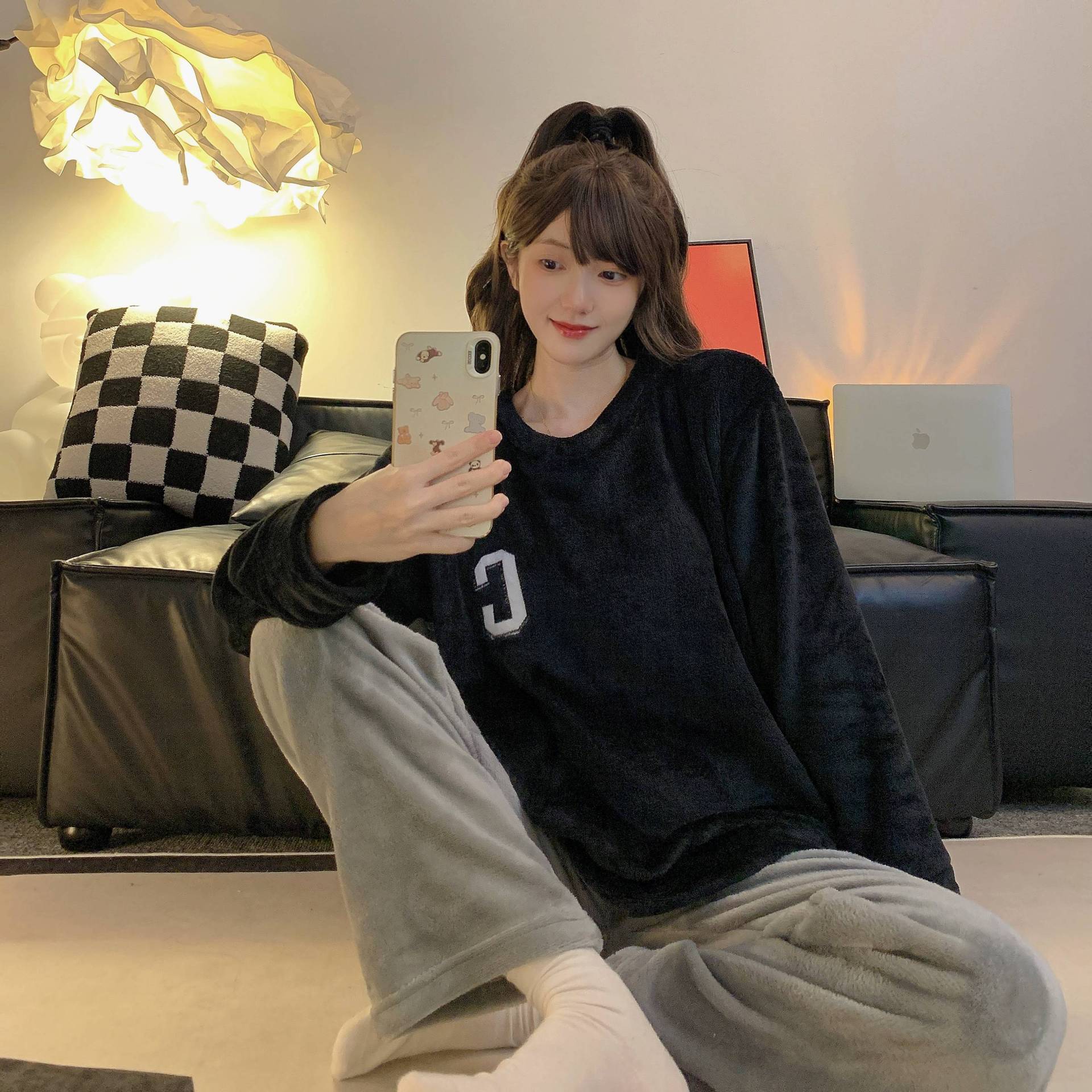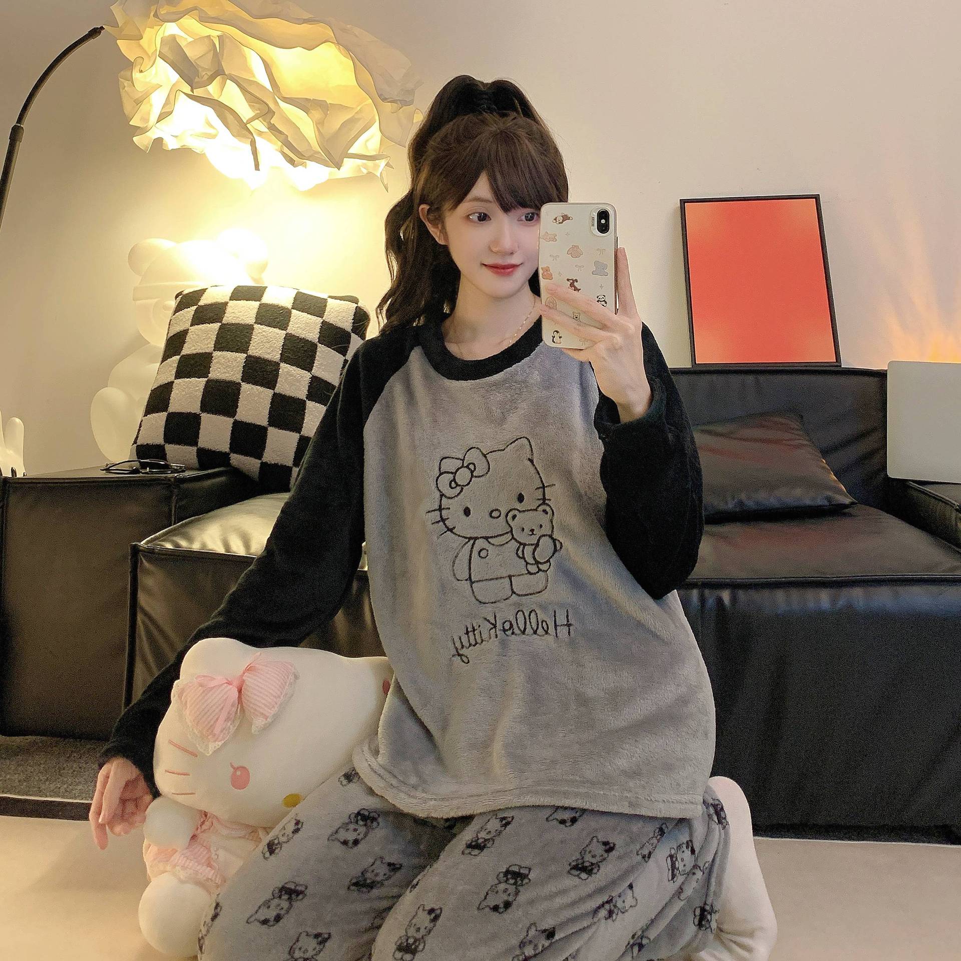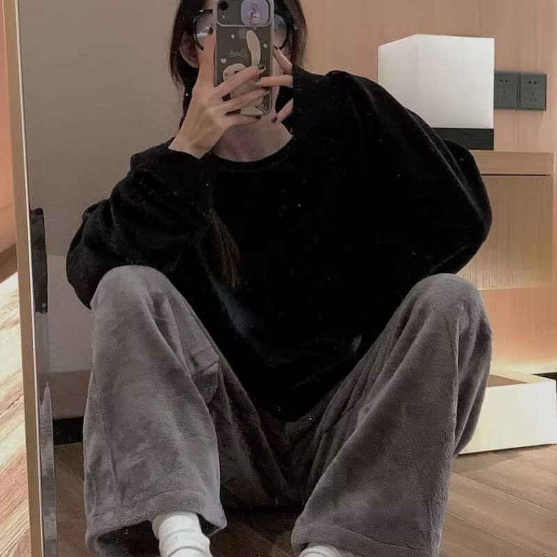 잠옷 여자 겨울 플란넬 한국 스타일 긴 소매 두꺼운 기모 산호 양털 귀여운 가을 겨울 여자 홈 옷 세트
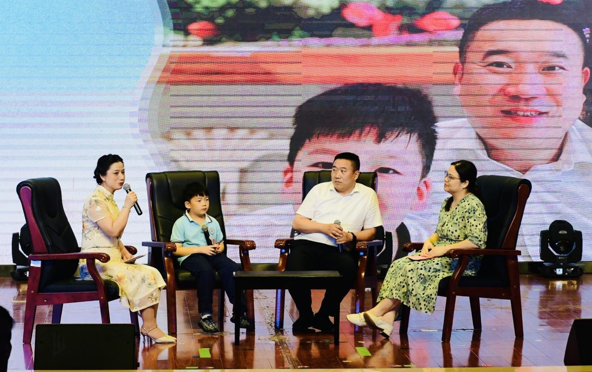 本场活动的书香家庭中,爸爸妈妈分别是黄庆和谢岭、孩子是来自49班的黄一格同学,一家人接受了主持人的现场访谈。
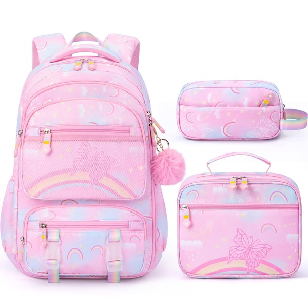 Fimibuke Kids Backpack for School Girls, 3PCS Rainbow & Butterflies Teen Girls Backpack with Lunch Box & Pencil Case, Pink Bookbag School Bag for Kindergarten Elementary Middle School Student Ages 5+
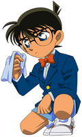 Conan Edogawa (Edogawa Konan) is the alias used by Shinichi Kudo in his shrunken form. Shinichi took the appearance of his six year old self after being exposed to a prototype poison called APTX 4869 which he had been forced to swallow by two men in black later revealed to be members of the Black Organization. The poison deaged Shinichi's entire body except for his nervous system and therefore he still has the personality, memories, and incredible deductive ability of his teenage self. Conan's goal is to hunt down the Black Organization in the hope of finding an antidote to the APTX 4869. To do so he plans to make the washout detective Kogoro Mouri famous in hopes of attracting a case related to the Black Organization.Conan is often treated as a separate character from Shinichi by fans, and often viewed as the main character of the series while Shinichi is viewed as a recurring character. He has become a popular figure in Japan and even appeared at numerous occasions in different anime series (i.e. mainly cameo appearances) as well as other medias.
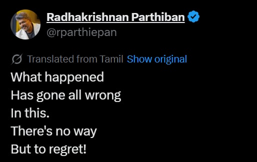 Following Trisha’s public rebuke and the subsequent reaction from internet users, Parthiban immediately issued an apology by sharing a voice note. Acknowledging that his attempt at humor missed the mark and caused real offense, he posted a brief note of regret on social media, saying, “What happened… is everything that went wrong. There is no way out but to repent!”
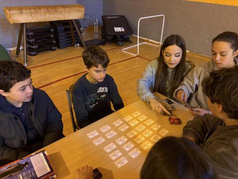 L’ensemble des élèves sont aussi passés par d’autres animations autour du jeu d’associations d’idées « Code Names », ou encore un jeu avec des cartes que nous explique une autre animatrice : « On a des cartes avec des thèmes comme animaux, matière, film, … Par exemple si c’est le mot « couleur », l’élève choisit « rose » et l’autre doit trouver cette couleur. Ça permet de mieux découvrir son parrain, sa marraine ou son filleul ».
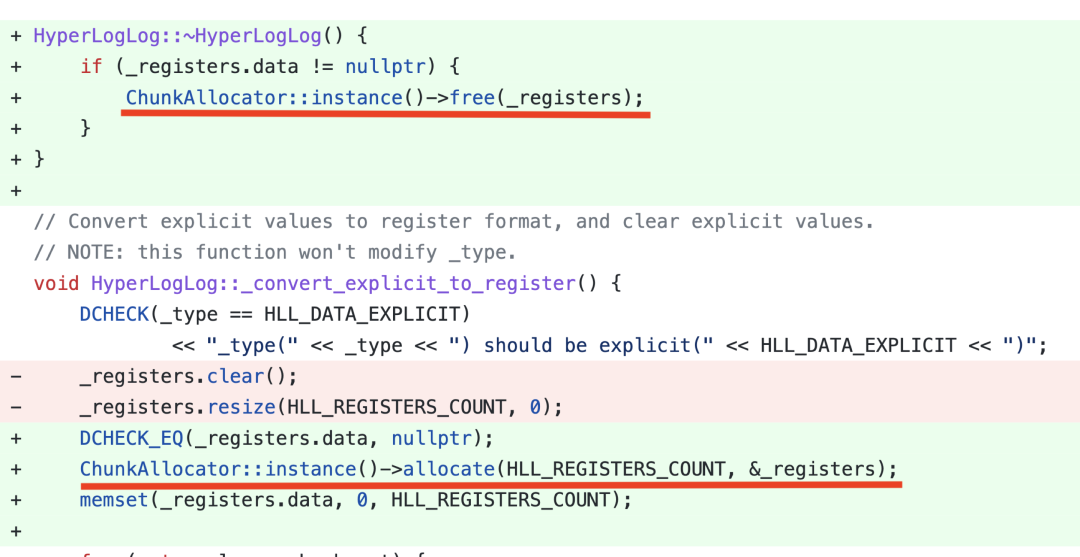 6. 内存管理优化:当 Batch Size 越大、并发越高,内存申请和释放越频繁,内存管理对性能的影响越大。我们实现了一个 Column Pool,用来复用 Column 的内存,显著优化了整体的查询性能。下图是一个 HLL 聚合函数内存优化的代码示意,通过将 HLL 的内存分配变成按 Block 分配,并实现复用,将 HLL 的聚合性能直接提升了 5 倍。
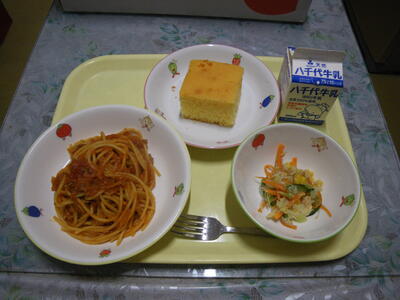 スパゲティミートソース 牛乳 コーンサラダ ぐりとぐらの米粉カステラ
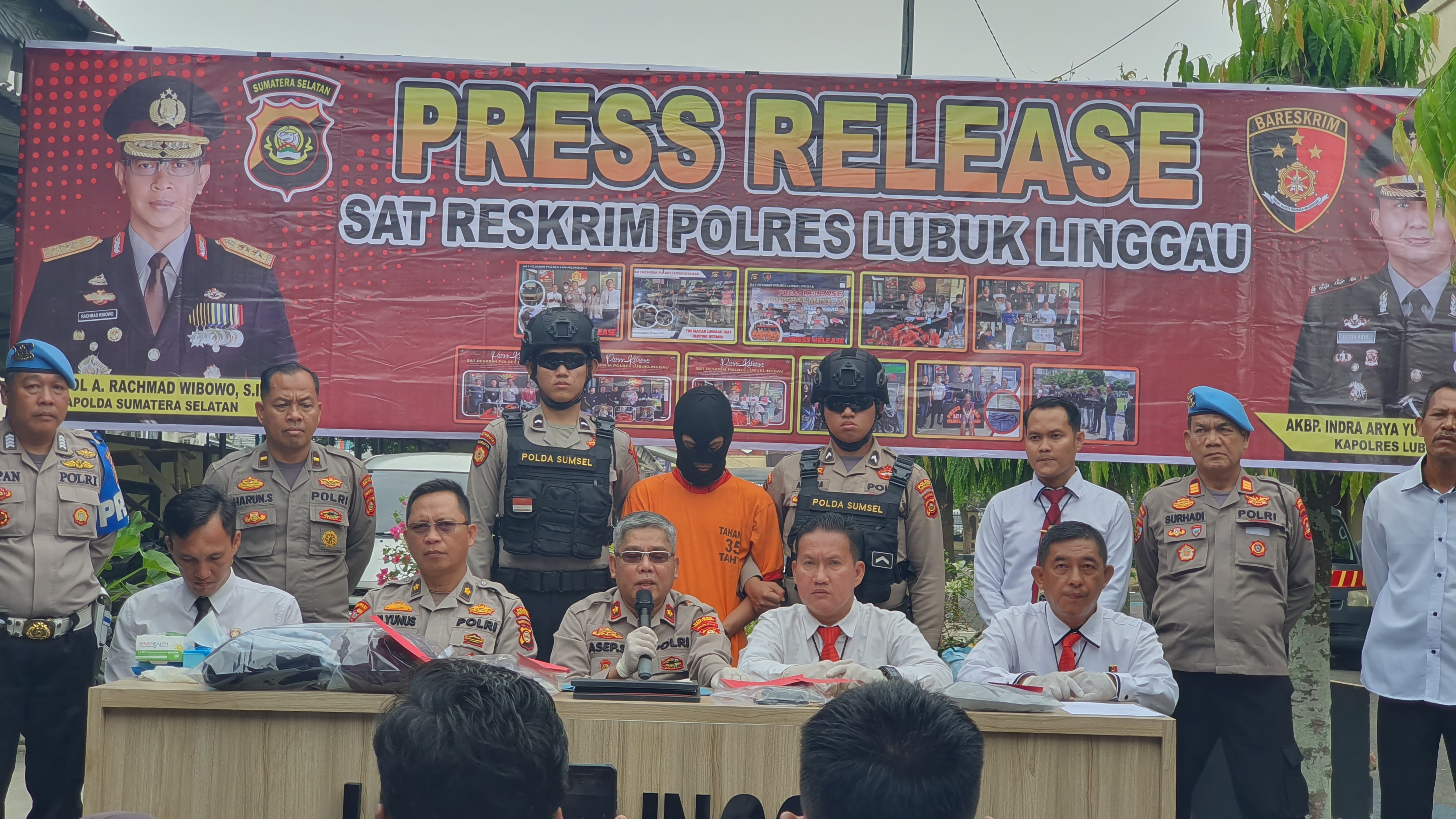Press release yang dipimpin oleh Wakapolres Lubuklinggau Kompol H. Asep Supriyadi mewakili Kapolres Lubuklinggau AKBP Indra Arya Yudha, didampingi Kasat Reskrim dan Kasat Intelkam menjelaskan Setelah mendapatkan laporan dari masyarakat terkait penemuan mayat korban pada hari Jum’at tanggal 08 September 2023 tim gabungan polres Lubuk Linggau langsung melaksanakan serangkaian kegiatan olah Tkp, pengamatan jejak kejahatan yang tertinggal di TKP, pengolahan data scientific crime investigation, pengamatan recognized face.
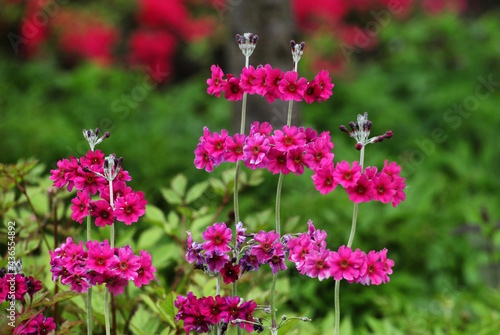 Dark pink Primula pulverulenta 'mealy primrose' in flower
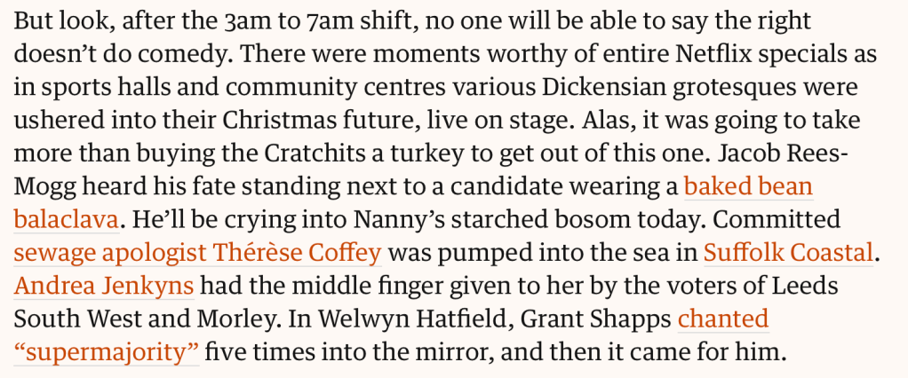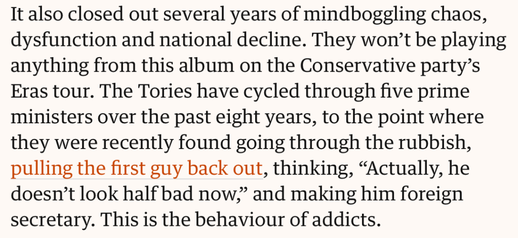 I expect the UK Conservative leadership contest will begin in earnest any time now. Apparently, leading right-wing candidate Suella Braverman had to be talked out of announcing her leadership bit at her constituency results announcement.
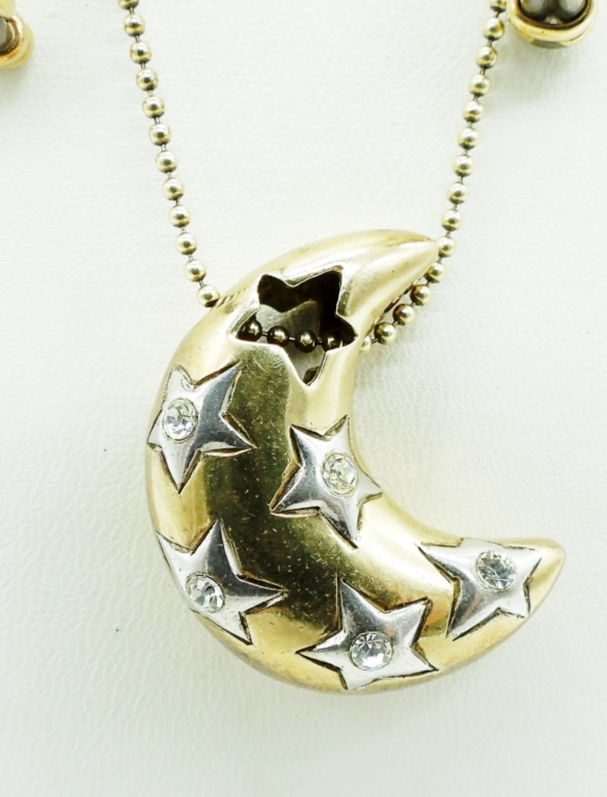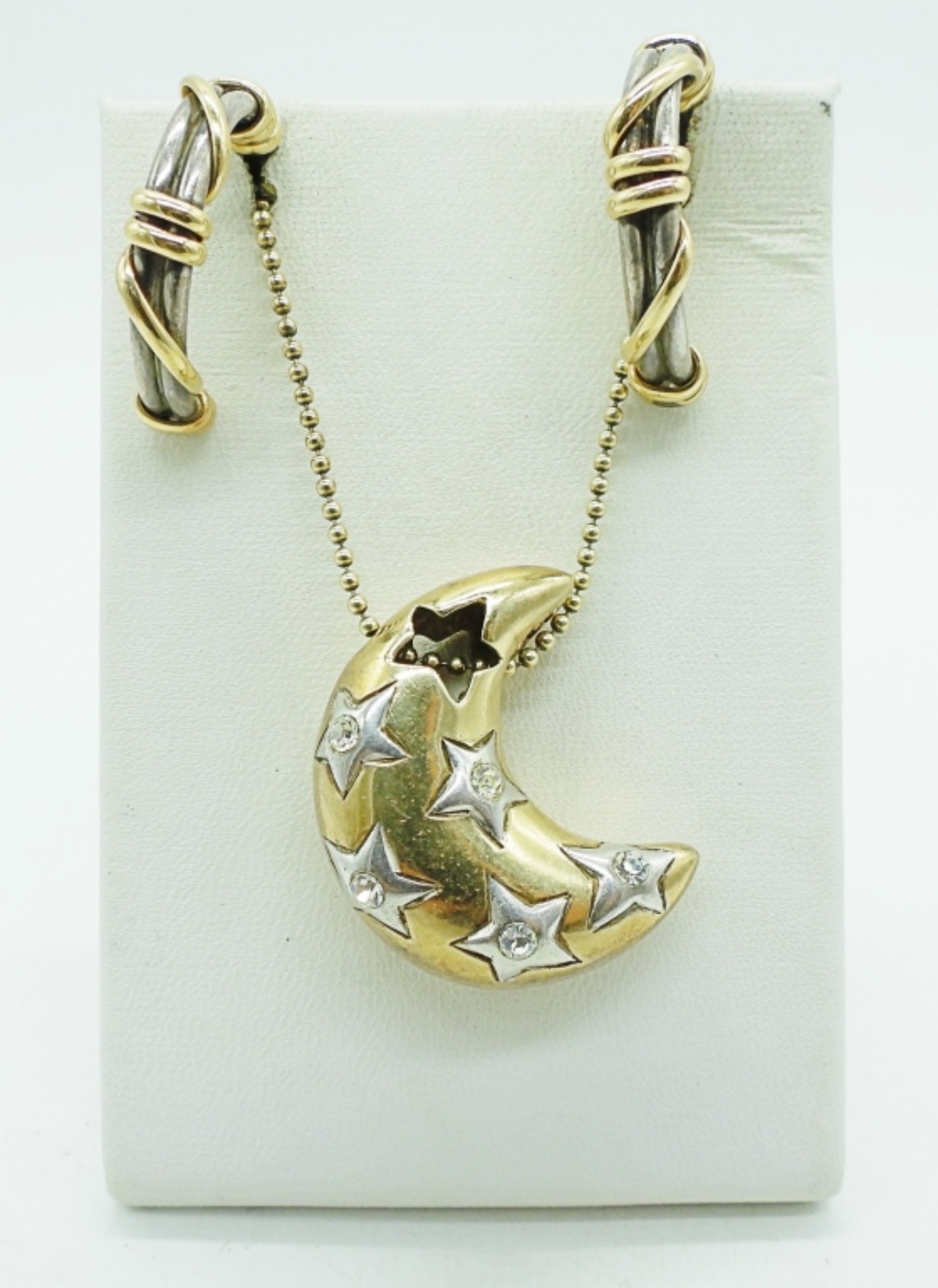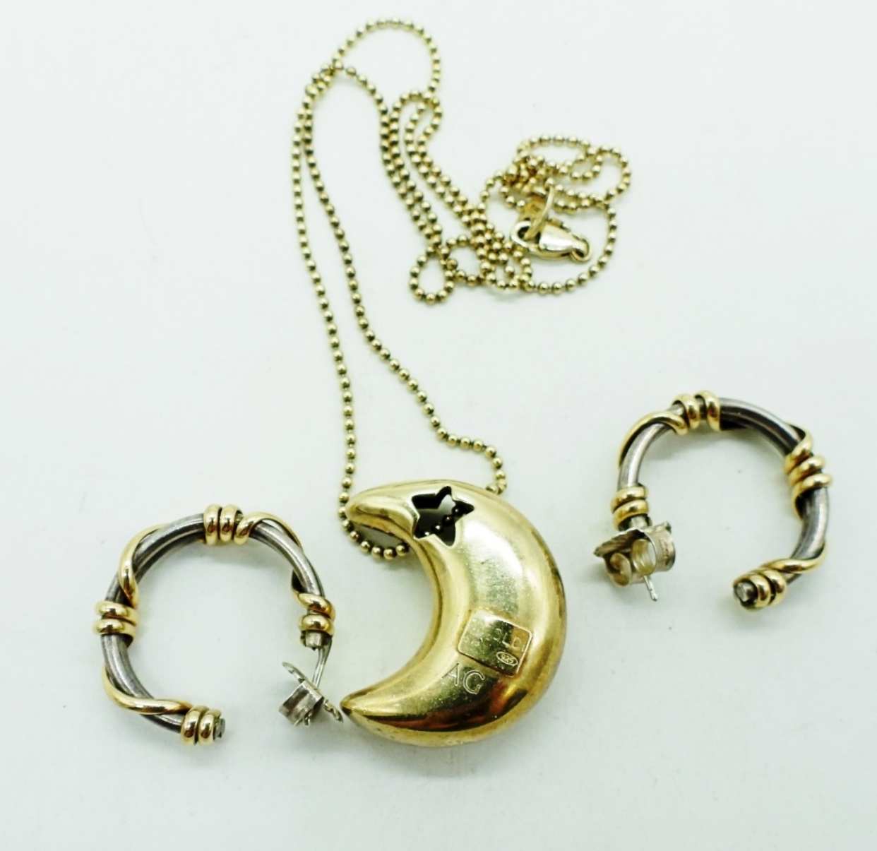 STERLING SILVER AND GOLD TONE MOON & STARS PENDANT ON A STERLING 22″ CHAIN. PRETTY HOOP PIERCED EARRINGS, STERLING WITH GOLD TONE ACCENTS. EARRINGS ARE 1″. (17.4 DWT)

* * * * *

[What you have to do] Produce an exact copy of only those lines that run from the line with "Press release yang" to the final line of the records, including both; exclude images.

[Written answer]
Press release yang dipimpin oleh Wakapolres Lubuklinggau Kompol H. Asep Supriyadi mewakili Kapolres Lubuklinggau AKBP Indra Arya Yudha, didampingi Kasat Reskrim dan Kasat Intelkam menjelaskan Setelah mendapatkan laporan dari masyarakat terkait penemuan mayat korban pada hari Jum’at tanggal 08 September 2023 tim gabungan polres Lubuk Linggau langsung melaksanakan serangkaian kegiatan olah Tkp, pengamatan jejak kejahatan yang tertinggal di TKP, pengolahan data scientific crime investigation, pengamatan recognized face.
 Dark pink Primula pulverulenta 'mealy primrose' in flower
 I expect the UK Conservative leadership contest will begin in earnest any time now. Apparently, leading right-wing candidate Suella Braverman had to be talked out of announcing her leadership bit at her constituency results announcement.
 STERLING SILVER AND GOLD TONE MOON & STARS PENDANT ON A STERLING 22″ CHAIN. PRETTY HOOP PIERCED EARRINGS, STERLING WITH GOLD TONE ACCENTS. EARRINGS ARE 1″. (17.4 DWT)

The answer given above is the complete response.